Darlington and Stockton Times: Sir George Cayley

Known as "Cayley’s Governable Parachute", it had a huge wood-framed canvas canopy with a kite-like tail and, from above, the aircraft resembled a giant stingray. A wooden boat-shaped basket was suspended beneath, complete with a set of oars that the the pilot would use to "row" across the sky. The silhouette of this machine is what you see on the village sign as you enter Brompton. His first attempt came in 1849, using a prototype of the Governable Parachute, when Cayley (who was not reckless enough to attempt to fly his own inventions) hoisted the ten-year-old son of one of his servants aboard his new machine, and it flew for several yards.

A few years later, in 1853, having made a number of modifications, Cayley enlisted the help of several local youths who pulled the Governable Parachute down a hill while his unwilling coachman, 79-year-old John Appleby, sat anxiously at the helm. The craft launched into the air and flew for 900 yards across Brompton Dale, the first ever manned fixed-wing, "heavier than air" flight.

Once back on terra firma, the distressed coachman immediately resigned, declaring, “I was hired to drive, not fly!”
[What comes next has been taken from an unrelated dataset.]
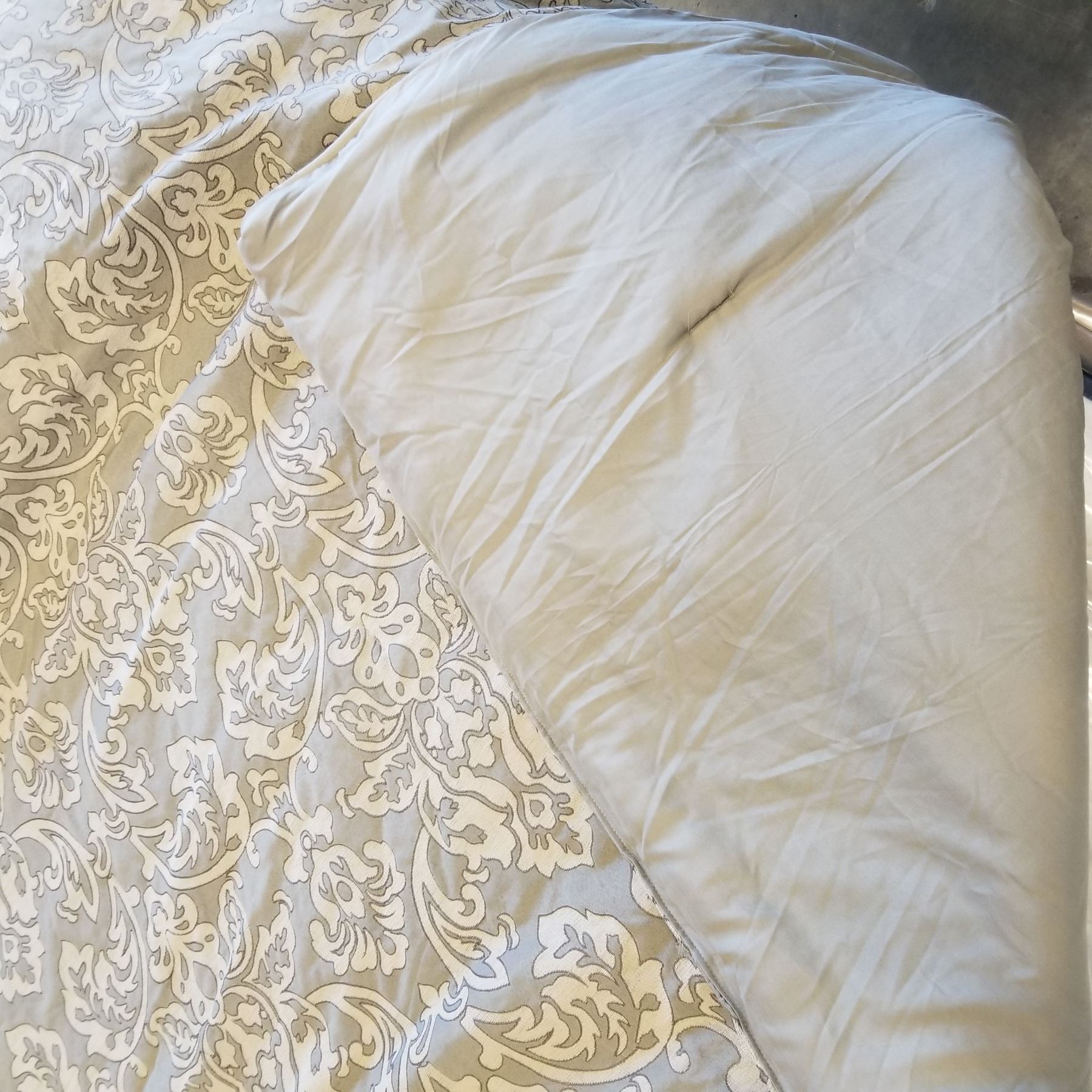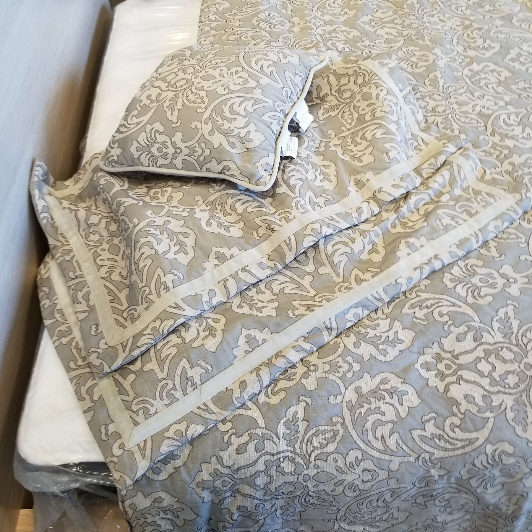 KINGSIZE FLORAL DUVET AND 2 KINGSIZE SHAMS, 1 ACCENT PILLOW, USED IN SHOWROOM ONLY

Cayley, who was already 80-years-old at the time, continued in his quest to create a powered flying machine capable of carrying a human, but died just four years later before he could make his vision a reality. It would be another 46 years before the Wright Brothers accomplished that feat.

Cayley wasn’t just interested in aviation. He was also responsible for inventing a self-righting lifeboat, an artificial hand for amputees, tensioned-spoked wheels for bikes and ferris wheels, caterpillar wheels for heavy vehicles, and various safety features of the railway system including brakes, signals and the cowcatcher.

If you want to see what Cayley’s Governable Parachute actually looked like, a life-size replica is on display at the Yorkshire Air Museum near York.